Generate targets pipeline code for GWAS meta-analysis — generate_gwas_meta

Generates a complete targets / tarchetypes pipeline as a character string, ready to be pasted into a _targets.R file. The generated code covers per-cohort preparation, LDSC heritability estimation, per-ancestry and all-populations IVW meta-analysis, loci extraction, Manhattan plots (with PDF and high-DPI PNG export targets for fast report rendering), and MR-MEGA MDS. Validates trait_type, n_col, and manifest_df before generating any code.
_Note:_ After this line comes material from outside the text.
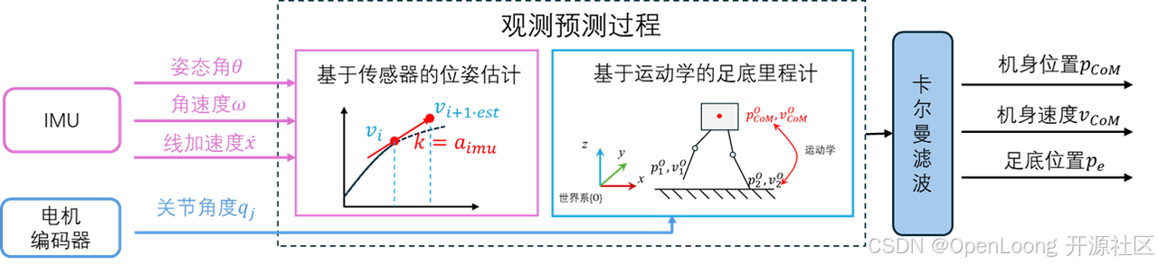 三、基于卡尔曼滤波的状态估计:状态估计结合传感器测量数据与运动学信息,在存在噪声的情况下,应用卡尔曼滤波融合预测值和测量值来获得当前机身状态。状态估计在实物部署里面是非常重要的,因为仿真其实是可以获取仿真引擎里面的位置速度,但是实物获取不了,只能通过状态估计获取。状态估计对最后的控制效果影响还是非常大的,虽然团队开源的是仿真,但是在 OpenLoong 项目的动力学仓库低阻尼分支上,团队也把状态估计算法开源上去了,大家也可以下载测试一下。

The manifest is serialized as a tibble::tribble() call in the generated output so the pipeline is self-contained.

Usage

generate_gwas_meta_pipeline(
  trait,
  trait_type,
  n_col,
  manifest_df,
  hm3_path,
  dbsnp_path,
  crew_controller = NULL,
  output_base_dir = "Data",
  manhattan_width = 16,
  manhattan_height = 6,
  manhattan_dpi = 300,
  output_file = NULL
)

Arguments

trait

Trait name used in target names (e.g. "CAD").

trait_type

"binary" or "quantitative" (required, no default).

n_col

Sample size column: "EffectiveN" for binary traits, "N" for quantitative traits (required, no default).

manifest_df

A data frame describing the cohort files to include. Required columns: path (full path to raw summary statistics file), file (basename of the file), cohort (cohort label), ancestry (ancestry label, e.g. "EUR"), study (unique human-readable identifier; must contain no spaces or special characters; does not need to include the ancestry). A tar_name column ({study}_{ancestry}) is automatically added and used as the tar_map target name so that ancestry-based target selectors work reliably. Additional columns are preserved in the serialized output.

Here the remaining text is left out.